In Optional class and protocol fields and methods · Issue #601 · python/typing · GitHub, I proposed some potential semantics for modeling non-required attributes. The goal is giving users a way to annotate attributes that may not be initialized or methods that may not be present on a class.

I’ve had some trouble trying to extend the semantics to support methods, so I’m cross-posting it here to get more feedback and see if anyone has some good ideas. I’d also like to hear opinions on whether the proposal in its current form is worth pursuing further.

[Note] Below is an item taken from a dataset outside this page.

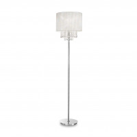 The table lamp has a PVC foil shade with metallic highlights, covered with white threads. Chrome metal frame. Height: 520 mm.

To save you from scrolling through the whole thread, here is the proposal in one continuous text:

NotRequired

The NotRequired qualifier will be allowed for attribute annotations in classes and protocols.

Structural Typechecking

If a protocol has a NotRequired attribute, structural typechecking will depend on finality:

• If the class is final, it can omit the attribute, declare it normally, or declare it with NotRequired
• If the class is not final, it must declare the attribute normally or with NotRequired; the attribute may NOT be omitted

class Proto(Protocol):
    x: NotRequired[int]
class Class1:
    pass
@final
class Class2:
    pass
class Class3:
    x: NotRequired[int]
class Class4:
    x: int
a: Proto = Class1()  # not OK
b: Proto = Class2()  # OK
c: Proto = Class3()  # OK
d: Proto = Class4()  # OK

The requirement that implementing classes must declare the attribute as NotRequired (instead of allowing it to be omitted) is motivated by this example from @JelleZijlstra

class P(Protocol):
    a: int
    b: NotRequired[str]

def user(p: P) -> None:
    if hasattr(p, 'b'):
        print(len(p.b))

class A:
    a: int
    def __init__(self) -> None:
        self.a = 3

class B(A):
    b: int
    def __init__(self) -> None:
        super().__init__()
        self.b = 1

def accept_a(a: A) -> None:
    user(a) # OK, A has an attribute a of the right type and doesn't have an attribute b

accept_a(B()) # boom

@runtime_checkable

Attributes annotated with NotRequired in a runtime_checkable protocol will be skipped when checking an object at runtime. The current runtime checkable behavior only checks for the presence of an attribute with the right name without checking the type.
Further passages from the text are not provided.